The second aspect is supervisory. We need to test if there is good governance, which we do through our surveillance work and supervision of markets. This includes the role of trustees or private capital funds.

We have traditionally had more of a focus on retail activities. However, as private capital funds are growing in Australia, we are now increasing our focus on surveillance of the managers of private capital funds that offer to wholesale clients.

Part of this is testing to find out if managers have the arrangements they should in place. We can have the correct regulatory settings but driving our increased focus is if there is misconduct. This could be in relation to retail investors, who might be more vulnerable but have the protection of intermediation, or wholesale investors, where there is less concern about consumer protection but more of a focus on integrity and maintaining the attractiveness of the Australian market as a place to invest and do business.

The discussion paper is genuinely asking probing questions of industry participants. How can those in this room best help ASIC in the consideration of all these issues?

First, join the discussion by providing feedback directly to us in a submission or in a meeting.
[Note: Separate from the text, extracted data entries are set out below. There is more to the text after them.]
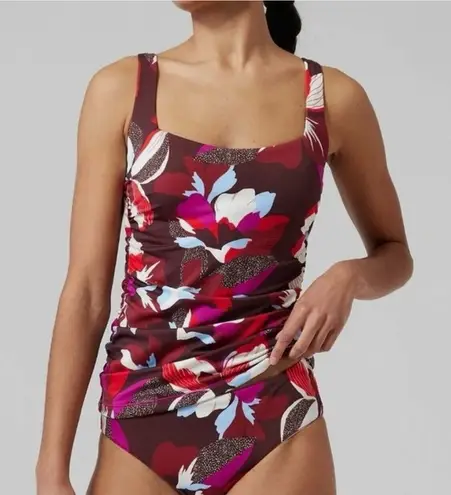 Athleta Square Neck Bra Cup Tankini Top 34B/C Hero Bloom Decadent Bottom XXS. Burgundy. Floral. Two... Show more
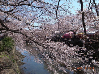 ◇川岸の桜が満開で、歩道は花人にあふれ、道路は規制されておらず、人と車とぶつからんばかりでした。好天に恵まれ、初めての地は楽しかったです。(とめ子) ◇お天気もすばらしく延々と続く大岡川沿いの桜も満開。弘明寺の花祭りの人出には驚いた。(周雄) 句会場の大きなガラス窓からも見事な花が見えた。花に囲まれた楽しい一日となった。(隆雄) |
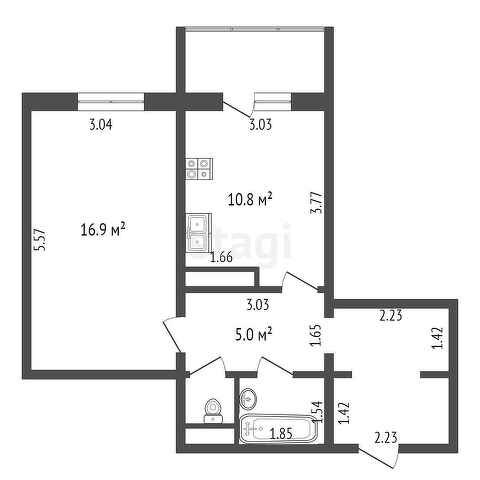 - Общая площадь43 м²
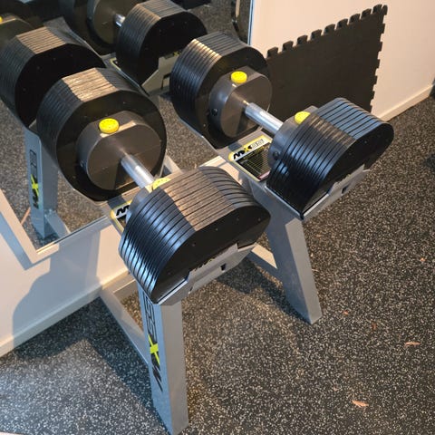 Nüobell är ett justerbart hantelset som ersätter flera fasta hantlar i ett kompakt format. Varje hantel kan justeras från 2 till 32 kg, vilket ger totalt 16 viktsteg per hantel. Viktjusteringen sker genom att vrida greppet, utan behov av att montera eller ta av lösa viktskivor.
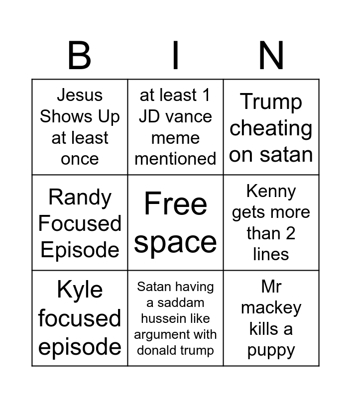 This bingo card has a free space and 8 words: Kenny gets more than 2 lines, Trump cheating on satan, at least 1 JD vance meme mentioned, Kyle focused episode, Jesus Shows Up at least once, Mr mackey kills a puppy, Randy Focused Episode and Satan having a saddam hussein like argument with donald trump.
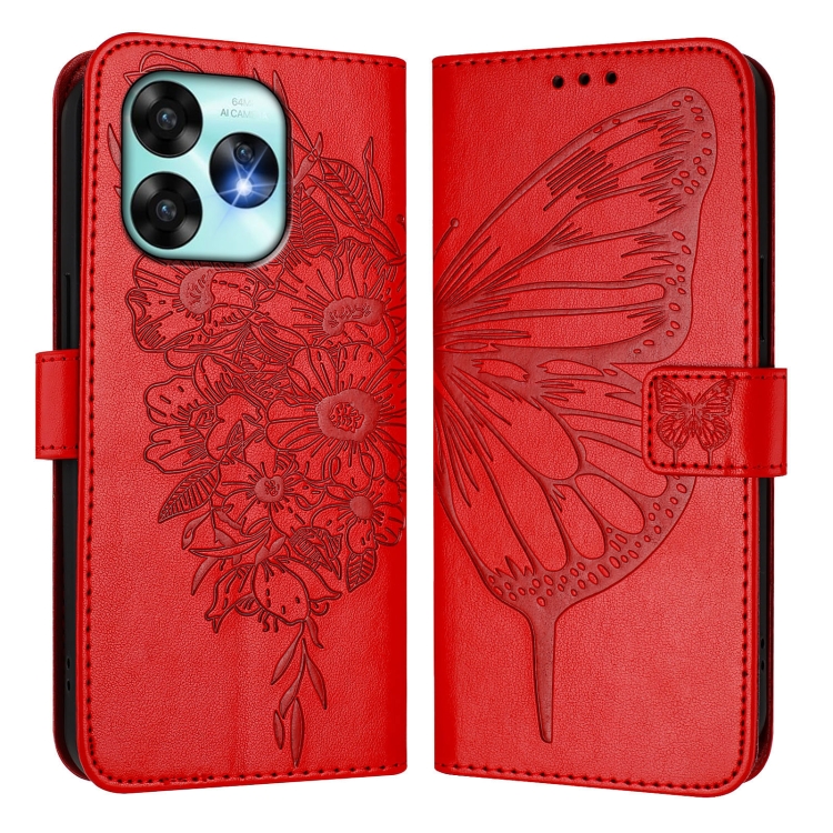 Funda de Cuero para Teléfono Umidigi A15/A15C/A15T con Diseño de Mariposa En Relieve (Rojo)

We have also set up a number of meetings with industry associations, to provide the opportunity to feed individuals’ views into the submissions of industry associations.

We are particularly interested in actionable ideas to improve the operation of markets. The paper was welcomed by the market, and we are appreciative of this. Some feedback has been more focused on what we shouldn’t do, for example on not overregulating markets and bringing about an uncompetitive landscape.

As mentioned, this is not our intention. Regulation is not the answer to all the issues the market faces. If there are industry-led solutions, we are very happy to hear about them, too.